困難なこととして、「政策先行で、それを支える組織が追いついていない」といいます。いかに新機構を作るか、どのように国民の末端まで財産を共有することができるのか、アメリカ帝国主義の傀儡勢力の妨害、破壊工作とのたたかいなど課題は尽きません。
新自由主義とのたたかいでは、「米州自由貿易協定(FTAA)をアメリカが進めようとしていることに対して「ボリーバル的対案」を出し、南米間協力を進めようとしている。南米諸国は同じ問題を抱えているので、支持が集まっている。アメリカ帝国主義はいま、たいへんな敗北を喫しつつあることに注目してほしい」と力強く語りました。
日本原水協からは「核戦争阻止、核兵器廃絶、被爆者援護連帯」の基本3目標を説明しました。ブッシュ大統領が、自分のところの核兵器はいいが、新しい国が持とうとするのはダメだといっていることを紹介すると、ジョニさんからは「頭おかしいですよね。
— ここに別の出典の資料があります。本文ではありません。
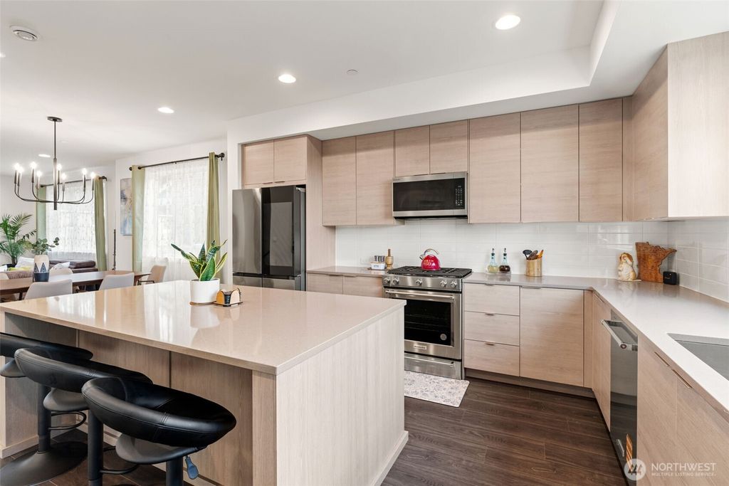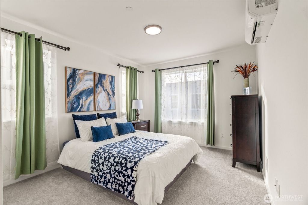 Discover modern luxury in this brand-new MainVue resale at Elmbrook — an east-facing, park-front Spruce floorplan showcasing style and comfort across three levels. This desirable end unit offers an inviting extended covered porch, foyer, and a guest suite on the entry level. The main floor features a gourmet kitchen with Quartz countertops, European frameless cabinetry, KitchenAid appliances, walk-in pantry, and a convenient study nook. Enjoy year-round comfort with air conditioning and relax on the covered deck overlooking the park. Upstairs, the primary suite boasts a spa-inspired bath and walk-in closet. Perfectly located across from Fernwood Elementary and near North Creek High—a must-see modern gem!

世界の公敵はブッシュです」と返ってきました。日本にいる26万人の被爆者の状況は少しずつ良くなってきているが、日本政府が情け深いのではなく、たたかいによって勝ち取られてきたこと、唯一の被爆国として圧倒的な核兵器廃絶の世論を力に日本政府を動かしていきたいと伝え、夏の原水爆禁止世界大会への招待状を渡しました。
懇談終了後、「すみやかな核兵器の廃絶のために」署名に快くサインしてくれました。
最後に記念写真を撮影。
ベネズエラ代表団は4月14日まで全国17都市を回る予定です。